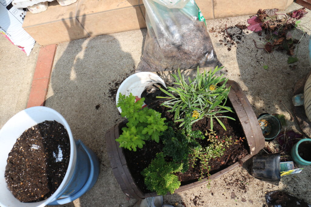 Uncategorized 寄せ植え 苗を植えなきゃ ダメにしてしまう 頑張っていた子達をチェンジして 菊とか盆栽の子達を合わせて 少し和風 これに去年のハロウィンスティックを立てて 設置して コウモリ 車が来た時に頂いた ガーベラ 育ってきました お豆腐屋さんで買った 大福 ばばは腕が痛くて 腫れてきて腕を上げられないけど 頑張っています 食べたかった 肉団子の甘酢かけ
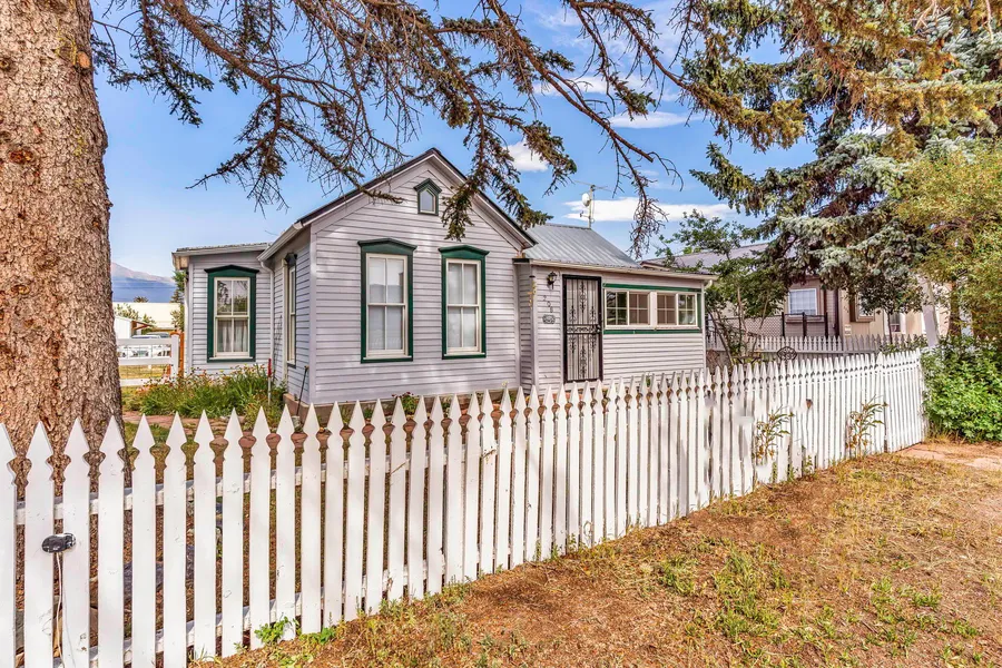 Remodeled charmer with white picket fence, vaulted ceilings, and refinished wood floors. New KitchenAid granite/hickory kitchen with copper sink, spa bath with jetted tub, and floor-to-ceiling bookshelves. Enclosed porch, new 112-car garage, and south-side Trex deck with Sangre views. Bright dining and windowed breakfast nook. Move-in ready with classic curb appeal and mountain ambiance.
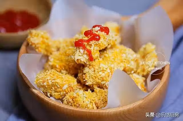 第五步:將粘好乾澱粉的雞肉放入蛋液中,粘滿雞蛋液。
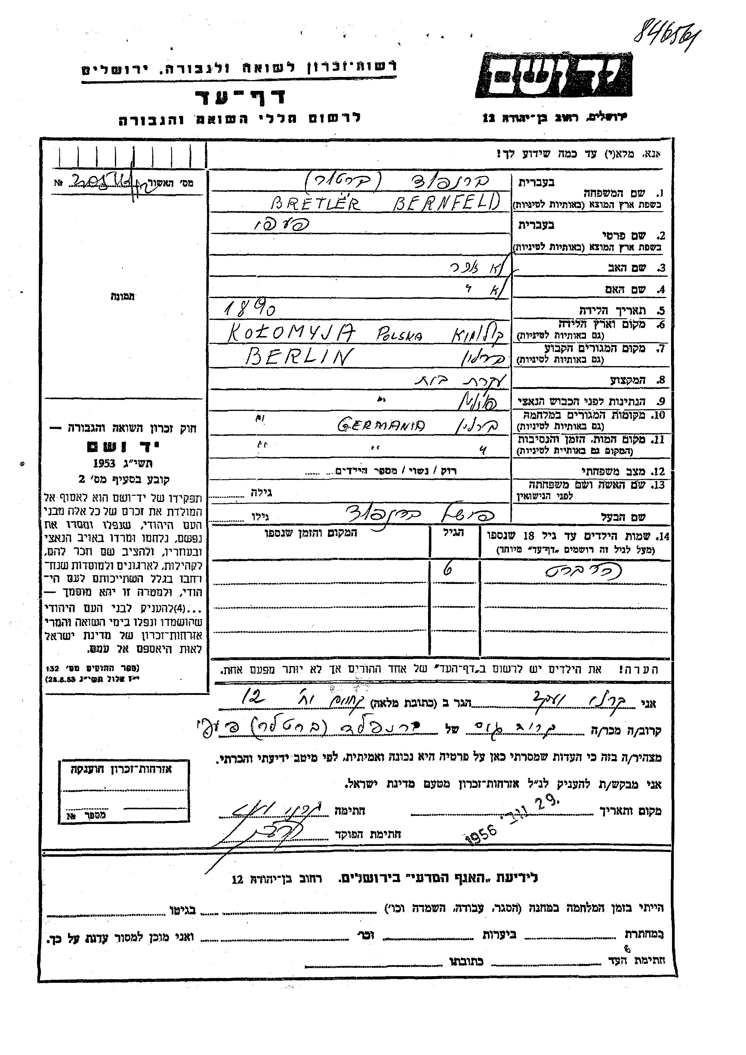 Herbert Berenfeld Bernfeld was born to Fishel and Pepi nee Bretler. He was child. Prior to WWII he lived in Berlin, Germany. During the war he was in Berlin, Germany. Herbert was murdered in the Shoah.

- _ABOUT THIS TASK_: The expected output is the exact run of lines from the one containing "第五步:將粘好乾澱粉的雞肉放入蛋液中,粘滿雞蛋液。" through the final line of the data above, both ends included, with no pictures.

- _RESULT_:
 第五步:將粘好乾澱粉的雞肉放入蛋液中,粘滿雞蛋液。
 Herbert Berenfeld Bernfeld was born to Fishel and Pepi nee Bretler. He was child. Prior to WWII he lived in Berlin, Germany. During the war he was in Berlin, Germany. Herbert was murdered in the Shoah.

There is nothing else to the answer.